La mentalidad de las nuevas poblaciones se moldearía en gran medida a partir de la historia que se desarrollaba ante sus ojos. También los supervivientes diseminados en otros planetas, aislados de la Tierra, habían conservado sus lazos con Heliconia.

Los auditorios se alzaban en las nuevas praderas verdes como enormes conchas marinas clavadas en la arena. Cada uno de ellos tenía capacidad para diez mil personas. Los espectadores, calzados con sandalias, burdamente arropados en pieles al principio y, más tarde, vestidos con bastas telas, contemplaban con asombro las imágenes que llegaban del espado exterior, imágenes de un planeta no muy distinto del suyo que se libraba lentamente de las garras de un largo invierno. Una historia como la de ellos.

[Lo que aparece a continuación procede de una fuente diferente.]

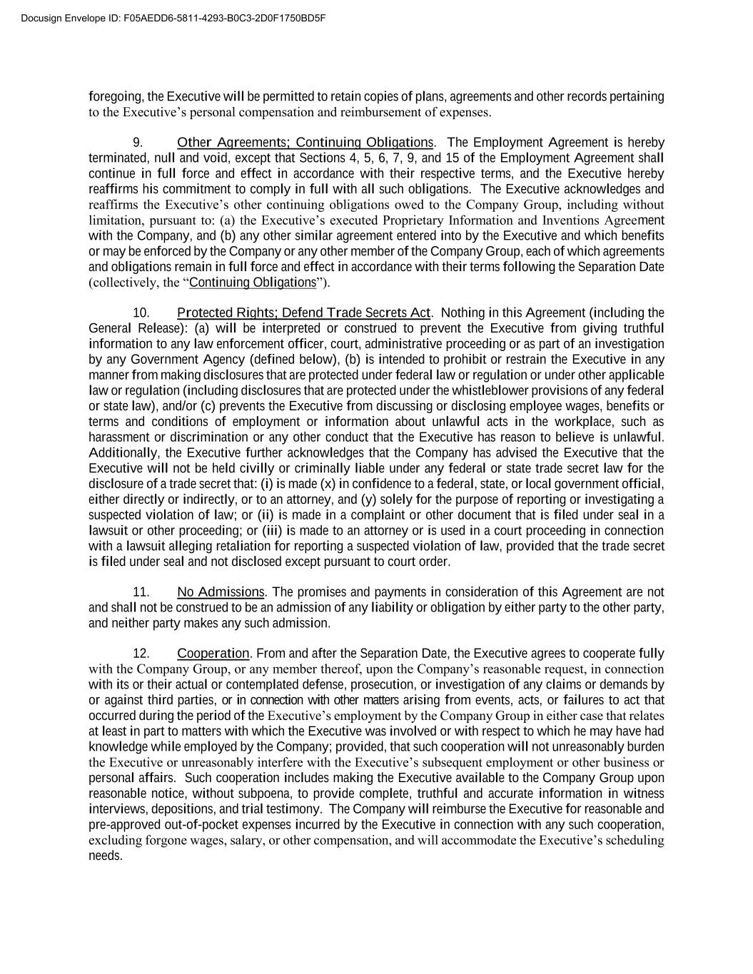 foregoing, the Executive will be permitted to retain copies of plans, agreements and other records pertaining to the Executive’s personal compensation and reimbursement of expenses. 9. Other Agreements; Continuing Obligations. The Employment Agreement is hereby terminated, null and void, except that Sections 4, 5, 6, 7, 9, and 15 of the Employment Agreement shall continue in full force and effect in accordance with their respective terms, and the Executive hereby reaffirms his commitment to comply in full with all such obligations. The Executive acknowledges and reaffirms the Executive’s other continuing obligations owed to the Company Group, including without limitation, pursuant to: (a) the Executive’s executed Proprietary Information and Inventions Agreement with the Company, and (b) any other similar agreement entered into by the Executive and which benefits or may be enforced by the Company or any other member of the Company Group, each of which agreements and obligations remain in full force and effect in accordance with their terms following the Separation Date (collectively, the “Continuing Obligations”). 10. Protected Rights; Defend Trade Secrets Act. Nothing in this Agreement (including the General Release): (a) will be interpreted or construed to prevent the Executive from giving truthful information to any law enforcement officer, court, administrative proceeding or as part of an investigation by any Government Agency (defined below), (b) is intended to prohibit or restrain the Executive in any manner from making disclosures that are protected under federal law or regulation or under other applicable law or regulation (including disclosures that are protected under the whistleblower provisions of any federal or state law), and/or (c) prevents the Executive from discussing or disclosing employee wages, benefits or terms and conditions of employment or information about unlawful acts in the workplace, such as harassment or discrimination or any other conduct that the Executive has reason to believe is unlawful. Additionally, the Executive further acknowledges that the Company has advised the Executive that the Executive will not be held civilly or criminally liable under any federal or state trade secret law for the disclosure of a trade secret that: (i) is made (x) in confidence to a federal, state, or local government official, either directly or indirectly, or to an attorney, and (y) solely for the purpose of reporting or investigating a suspected violation of law; or (ii) is made in a complaint or other document that is filed under seal in a lawsuit or other proceeding; or (iii) is made to an attorney or is used in a court proceeding in connection with a lawsuit alleging retaliation for reporting a suspected violation of law, provided that the trade secret is filed under seal and not disclosed except pursuant to court order. 11. No Admissions. The promises and payments in consideration of this Agreement are not and shall not be construed to be an admission of any liability or obligation by either party to the other party, and neither party makes any such admission. 12. Cooperation. From and after the Separation Date, the Executive agrees to cooperate fully with the Company Group, or any member thereof, upon the Company’s reasonable request, in connection with its or their actual or contemplated defense, prosecution, or investigation of any claims or demands by or against third parties, or in connection with other matters arising from events, acts, or failures to act that occurred during the period of the Executive’s employment by the Company Group in either case that relates at least in part to matters with which the Executive was involved or with respect to which he may have had knowledge while employed by the Company; provided, that such cooperation will not unreasonably burden the Executive or unreasonably interfere with the Executive’s subsequent employment or other business or personal affairs. Such cooperation includes making the Executive available to the Company Group upon reasonable notice, without subpoena, to provide complete, truthful and accurate information in witness interviews, depositions, and trial testimony. The Company will reimburse the Executive for reasonable and pre-approved out-of-pocket expenses incurred by the Executive in connection with any such cooperation, excluding forgone wages, salary, or other compensation, and will accommodate the Executive’s scheduling needs. Docusign Envelope ID: F05AEDD6-5811-4293-B0C3-2D0F1750BD5F

A veces, un auditorio podía permanecer desierto durante años. Las nuevas poblaciones también tenían sus crisis y sufrían las catástrofes naturales que acompañaban la recuperación de Gaía. No sólo habían heredado la Tierra sino también sus inseguridades.

En cuanto podían, las nuevas poblaciones volvían a contemplar la historia de aquellas vidas paralelas a las suyas. Eran gentes sin divinidades, pero las figuras de las pantallas gigantes les parecían dioses. Esos dioses personificaban misteriosos dramas de poder y religión que atrapaban e inquietaban a sus audiencias terrestres.